RECORD SET:
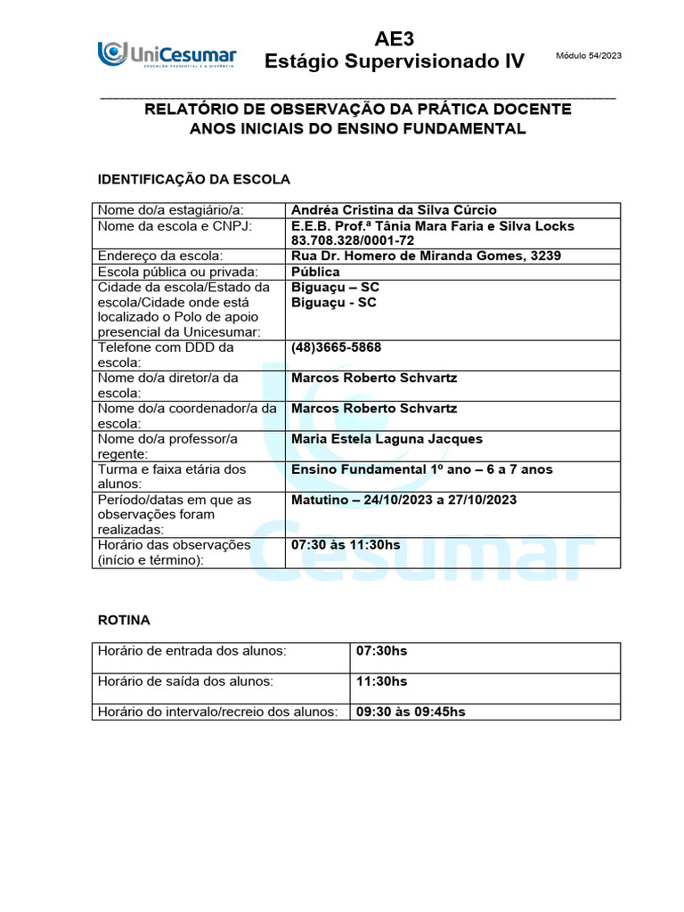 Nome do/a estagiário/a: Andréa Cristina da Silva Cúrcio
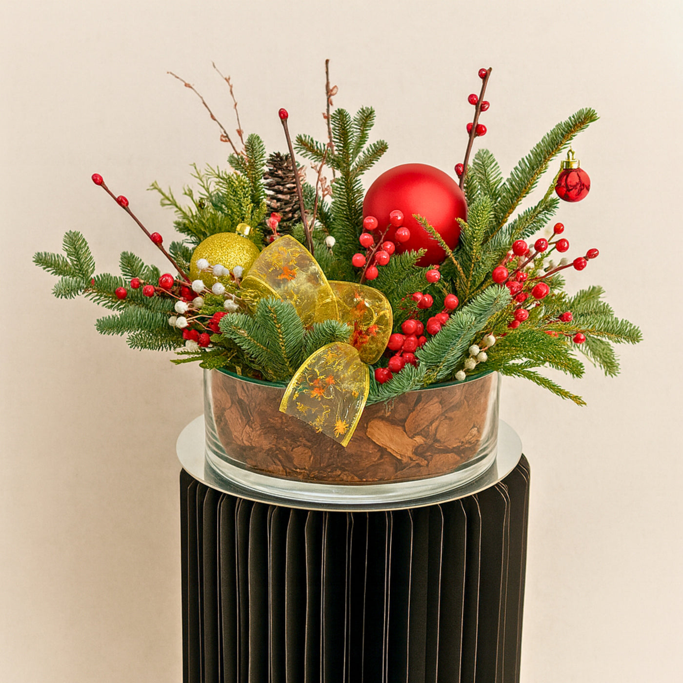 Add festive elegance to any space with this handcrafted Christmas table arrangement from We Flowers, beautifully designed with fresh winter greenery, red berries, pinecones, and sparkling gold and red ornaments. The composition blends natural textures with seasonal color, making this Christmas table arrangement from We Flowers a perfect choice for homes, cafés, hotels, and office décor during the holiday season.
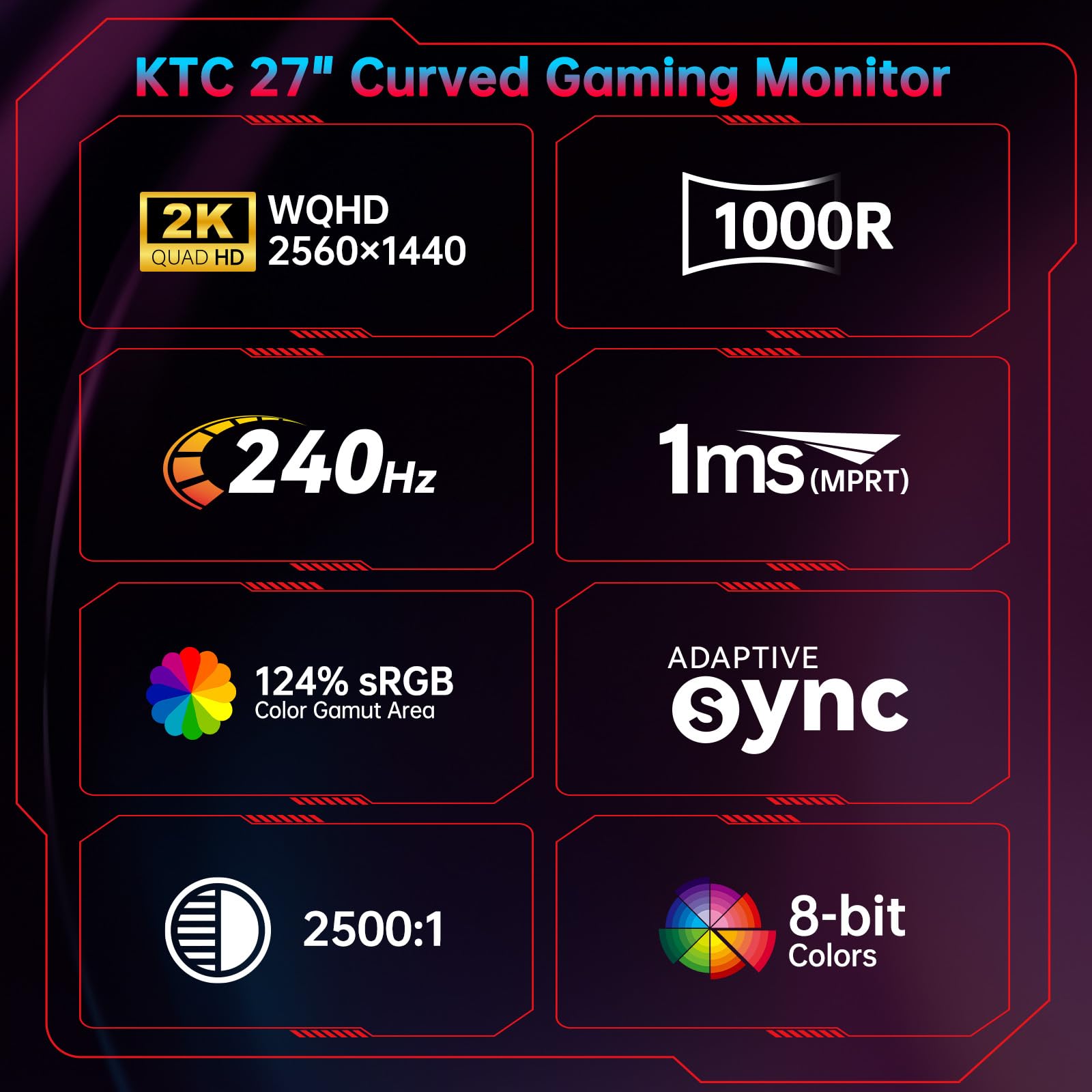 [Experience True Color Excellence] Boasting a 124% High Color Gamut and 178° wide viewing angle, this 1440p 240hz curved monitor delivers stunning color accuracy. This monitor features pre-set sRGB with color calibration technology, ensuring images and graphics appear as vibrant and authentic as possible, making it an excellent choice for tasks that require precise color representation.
==
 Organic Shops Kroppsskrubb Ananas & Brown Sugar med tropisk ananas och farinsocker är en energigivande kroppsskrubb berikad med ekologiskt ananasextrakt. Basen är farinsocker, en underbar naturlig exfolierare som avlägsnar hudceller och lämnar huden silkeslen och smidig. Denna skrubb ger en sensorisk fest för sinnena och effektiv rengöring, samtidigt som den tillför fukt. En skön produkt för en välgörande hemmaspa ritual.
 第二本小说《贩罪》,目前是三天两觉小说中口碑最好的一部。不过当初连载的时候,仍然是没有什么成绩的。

WHAT YOU NEED TO DO: From the entries above, give again exactly the lines running from the line with "Organic Shops Kroppsskrubb" to the line with "第二本小说《贩罪》,目前是三"; include both of those lines.

RESULT FOR THIS TASK:
 Organic Shops Kroppsskrubb Ananas & Brown Sugar med tropisk ananas och farinsocker är en energigivande kroppsskrubb berikad med ekologiskt ananasextrakt. Basen är farinsocker, en underbar naturlig exfolierare som avlägsnar hudceller och lämnar huden silkeslen och smidig. Denna skrubb ger en sensorisk fest för sinnena och effektiv rengöring, samtidigt som den tillför fukt. En skön produkt för en välgörande hemmaspa ritual.
 第二本小说《贩罪》,目前是三天两觉小说中口碑最好的一部。不过当初连载的时候,仍然是没有什么成绩的。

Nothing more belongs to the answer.